## Data section
<<<<

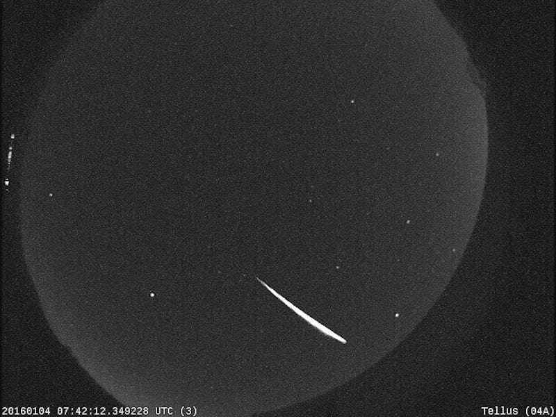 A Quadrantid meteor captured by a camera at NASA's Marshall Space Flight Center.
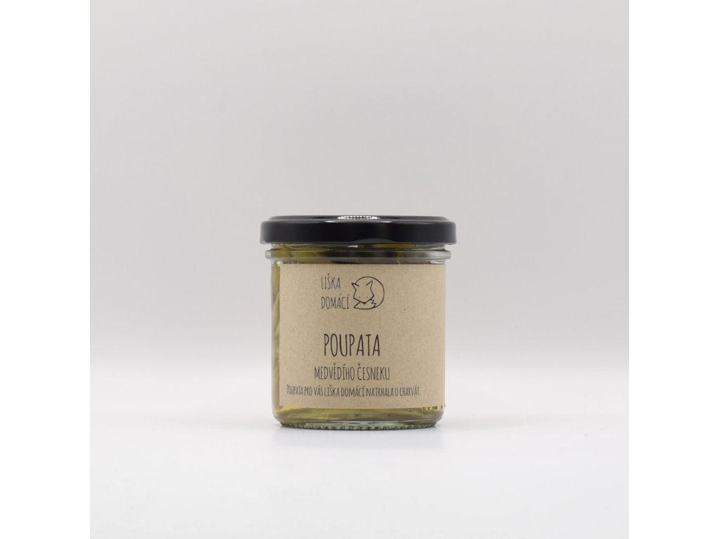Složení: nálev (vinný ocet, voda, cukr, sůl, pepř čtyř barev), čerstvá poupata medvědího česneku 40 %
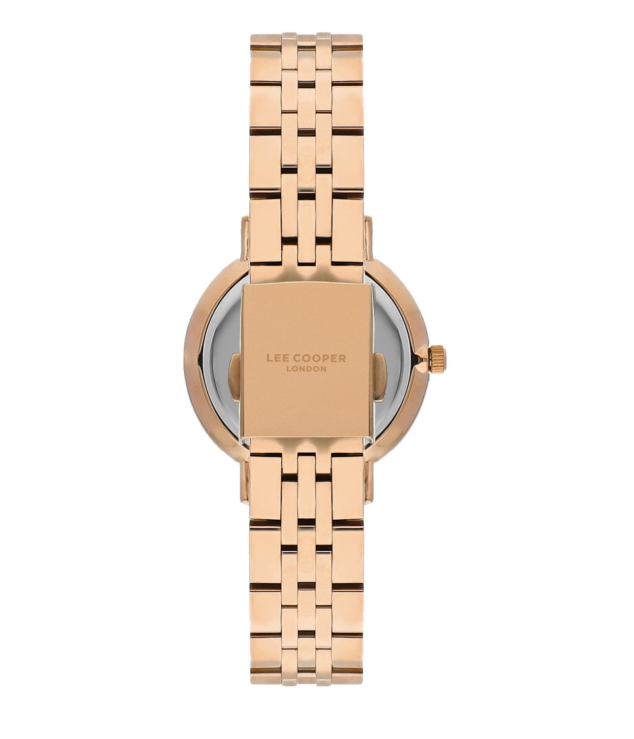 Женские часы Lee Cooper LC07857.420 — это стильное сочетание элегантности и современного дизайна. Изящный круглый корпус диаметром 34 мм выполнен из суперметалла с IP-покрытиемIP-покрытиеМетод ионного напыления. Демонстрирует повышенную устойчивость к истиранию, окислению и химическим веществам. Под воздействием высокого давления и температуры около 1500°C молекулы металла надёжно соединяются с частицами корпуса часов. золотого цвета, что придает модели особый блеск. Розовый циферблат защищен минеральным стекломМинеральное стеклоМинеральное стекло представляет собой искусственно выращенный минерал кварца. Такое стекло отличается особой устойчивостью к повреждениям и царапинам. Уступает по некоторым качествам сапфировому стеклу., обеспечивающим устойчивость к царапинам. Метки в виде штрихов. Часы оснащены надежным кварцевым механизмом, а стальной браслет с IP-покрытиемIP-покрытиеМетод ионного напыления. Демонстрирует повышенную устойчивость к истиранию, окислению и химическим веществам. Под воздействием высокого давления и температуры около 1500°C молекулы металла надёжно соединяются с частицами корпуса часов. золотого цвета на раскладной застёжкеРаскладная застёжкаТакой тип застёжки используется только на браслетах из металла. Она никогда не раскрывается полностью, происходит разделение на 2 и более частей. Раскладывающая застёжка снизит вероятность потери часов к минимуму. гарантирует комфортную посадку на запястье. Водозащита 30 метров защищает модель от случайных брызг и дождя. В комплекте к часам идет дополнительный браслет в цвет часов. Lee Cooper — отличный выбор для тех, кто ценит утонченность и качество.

>>>>

## Aim of the task
Starting with the first line of the data, transcribe every line exactly through the one containing "Složení: nálev (vinný". No pictures go in.

## Finished exercise
 A Quadrantid meteor captured by a camera at NASA's Marshall Space Flight Center.
Složení: nálev (vinný ocet, voda, cukr, sůl, pepř čtyř barev), čerstvá poupata medvědího česneku 40 %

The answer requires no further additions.